PROMPT:
Wherever a picture appears, leave it out, and transcribe the rest of the records exactly.

Records from a data collection
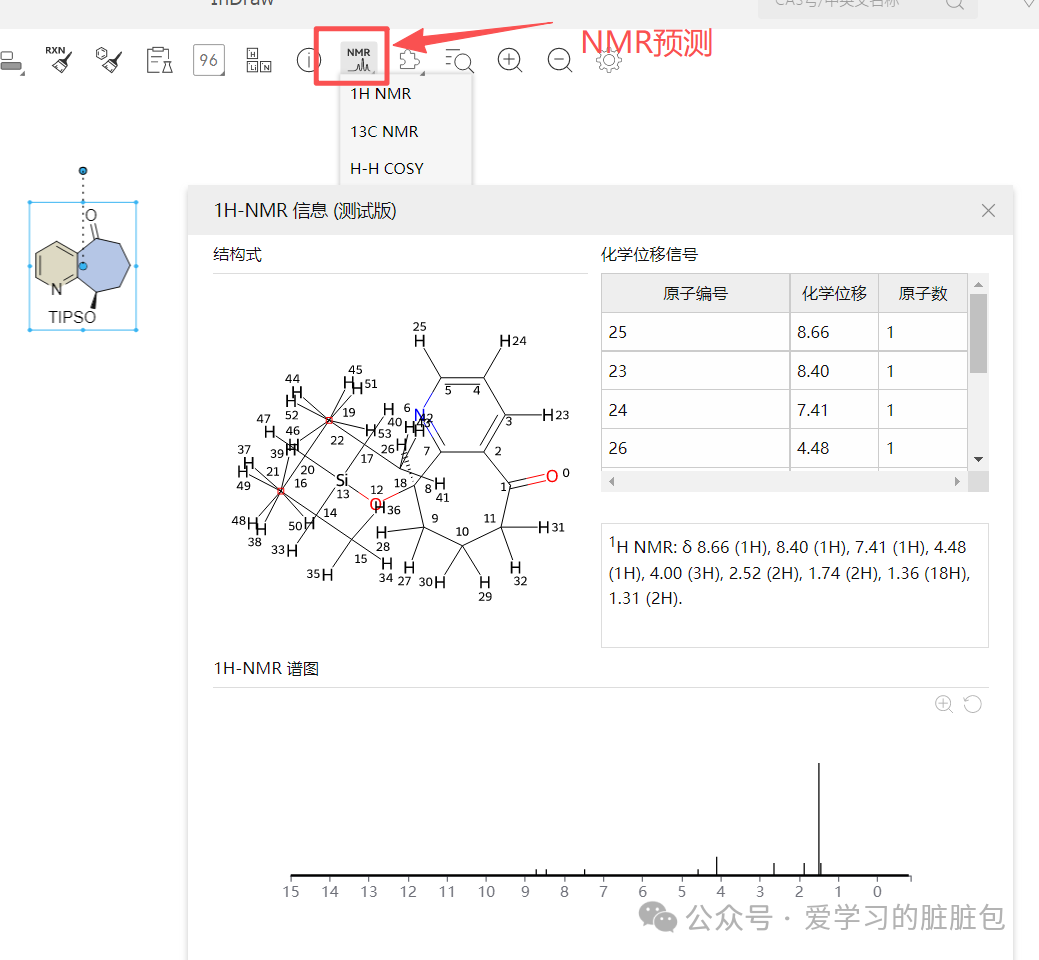 InDraw 的命名系统,能够直接依据化学结构生成对应的英文名称与中文名称。因为截至目前,在全球科研软件领域中,目前尚无任何一款软件能够实现化学结构生成中文名称的功能。核磁预测:绘制好化学结构后,框选整个结构或者需要被预测的特定部分 。然后在菜单栏中找到与核磁共振预测选项,选择需要预测的核磁即可,实测准确度还行,有一定的参考价值。
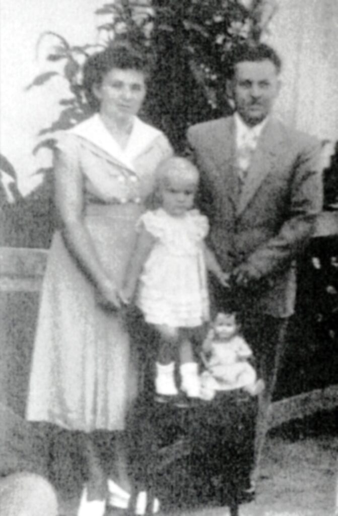 Családi fotó Nagybalog, Gyetva, 1957. A kislány Takács sz. Asztalos Viola haját kopaszra nyírták, hogy sűrűbb legyen.
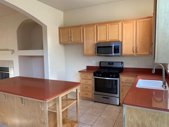 Spacious open kitchen boasts Corian countertops, an island, for breakfast bar, eat-in kitchen/dining area. stainless steel gas range, dishwasher and microwave -- plus new 16x16 "Brazilian slate" porcelain tiles. All cabinets are maple throughout. All living areas and hallways have new wood laminates installed; all bedrooms have vinyl planks. All ceilings are 10 feet high. Master is 14x16 ft with walk-in closet; dual sinks in bathroom, large soaking tub and separate shower. Secondary bedrooms are 11x10 ft each. All rooms have ceiling fans with light. Master Bath has separate soak tub and shower stall. Indoor laundry. Two car garage.
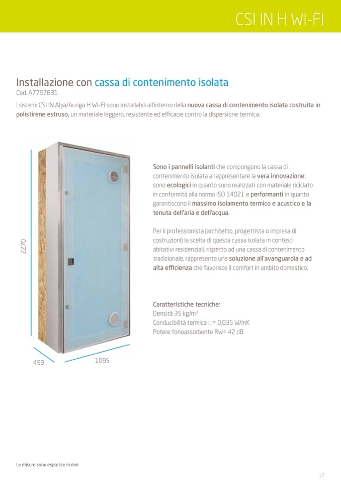 I sistemi CSI IN Alya/Auriga H WI-FI sono installabili all’interno della nuova cassa di contenimento isolata costruita in
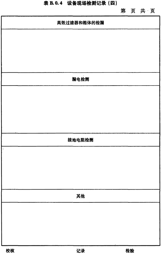 B.0.4 排風(fēng)高效過(guò)濾器的檢漏、生物安全柜箱體的檢漏、生物安全柜漏電檢測(cè)、接地電阻檢測(cè)等的檢測(cè)應(yīng)按表B.0.4進(jìn)行記錄。
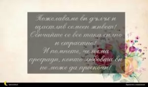 март 9, 2020 Сватба Пожелание за Сватба 12 за 11 февруари 2026 Пожелаваме ви дълъг и щастлив семеен живот! Обичайте се все така силно и страстно! И помнете, че няма прегради, които любовта ви не може да прескочи!
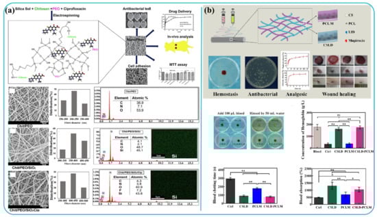 (a) Interactions of the inorganic framework with chitosan and polyethylene oxide; SEM images, fibers size distribution, EDX and X-ray mapping [152]. (b) Schematic Illustration of fabrication process of nanofiber scaffolds; concentration of hemoglobin in blood clots on scaffolds; blood clotting time and blood absorption capacity of the medical gauze control and PCLM, CSLD, and CSLD-PCLM nanofiber scaffolds * p < 0.05, ** p < 0.01 [155].
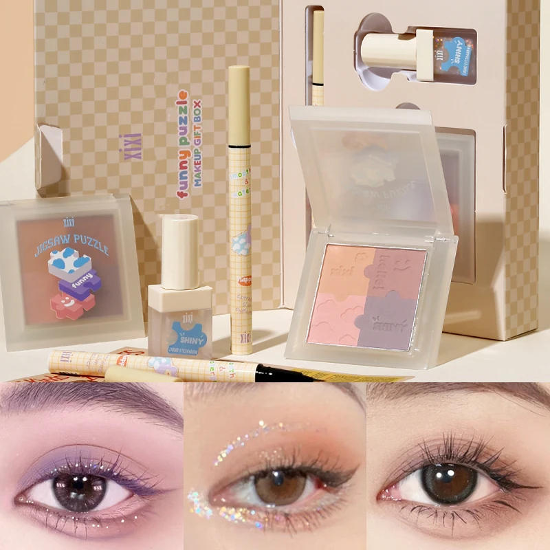 Makeup Kit Liquid Eyeliner Brighten Glitter Shadow Silkworm Pen Four-color Matte Eye Shadow Palette 3Pcs Makeup Sets Box

RESPONSE TO THE TASK:
 InDraw 的命名系统,能够直接依据化学结构生成对应的英文名称与中文名称。因为截至目前,在全球科研软件领域中,目前尚无任何一款软件能够实现化学结构生成中文名称的功能。核磁预测:绘制好化学结构后,框选整个结构或者需要被预测的特定部分 。然后在菜单栏中找到与核磁共振预测选项,选择需要预测的核磁即可,实测准确度还行,有一定的参考价值。
 Családi fotó Nagybalog, Gyetva, 1957. A kislány Takács sz. Asztalos Viola haját kopaszra nyírták, hogy sűrűbb legyen.
 Spacious open kitchen boasts Corian countertops, an island, for breakfast bar, eat-in kitchen/dining area. stainless steel gas range, dishwasher and microwave -- plus new 16x16 "Brazilian slate" porcelain tiles. All cabinets are maple throughout. All living areas and hallways have new wood laminates installed; all bedrooms have vinyl planks. All ceilings are 10 feet high. Master is 14x16 ft with walk-in closet; dual sinks in bathroom, large soaking tub and separate shower. Secondary bedrooms are 11x10 ft each. All rooms have ceiling fans with light. Master Bath has separate soak tub and shower stall. Indoor laundry. Two car garage.
 I sistemi CSI IN Alya/Auriga H WI-FI sono installabili all’interno della nuova cassa di contenimento isolata costruita in
 B.0.4 排風(fēng)高效過(guò)濾器的檢漏、生物安全柜箱體的檢漏、生物安全柜漏電檢測(cè)、接地電阻檢測(cè)等的檢測(cè)應(yīng)按表B.0.4進(jìn)行記錄。
 март 9, 2020 Сватба Пожелание за Сватба 12 за 11 февруари 2026 Пожелаваме ви дълъг и щастлив семеен живот! Обичайте се все така силно и страстно! И помнете, че няма прегради, които любовта ви не може да прескочи!
 (a) Interactions of the inorganic framework with chitosan and polyethylene oxide; SEM images, fibers size distribution, EDX and X-ray mapping [152]. (b) Schematic Illustration of fabrication process of nanofiber scaffolds; concentration of hemoglobin in blood clots on scaffolds; blood clotting time and blood absorption capacity of the medical gauze control and PCLM, CSLD, and CSLD-PCLM nanofiber scaffolds * p < 0.05, ** p < 0.01 [155].
 Makeup Kit Liquid Eyeliner Brighten Glitter Shadow Silkworm Pen Four-color Matte Eye Shadow Palette 3Pcs Makeup Sets Box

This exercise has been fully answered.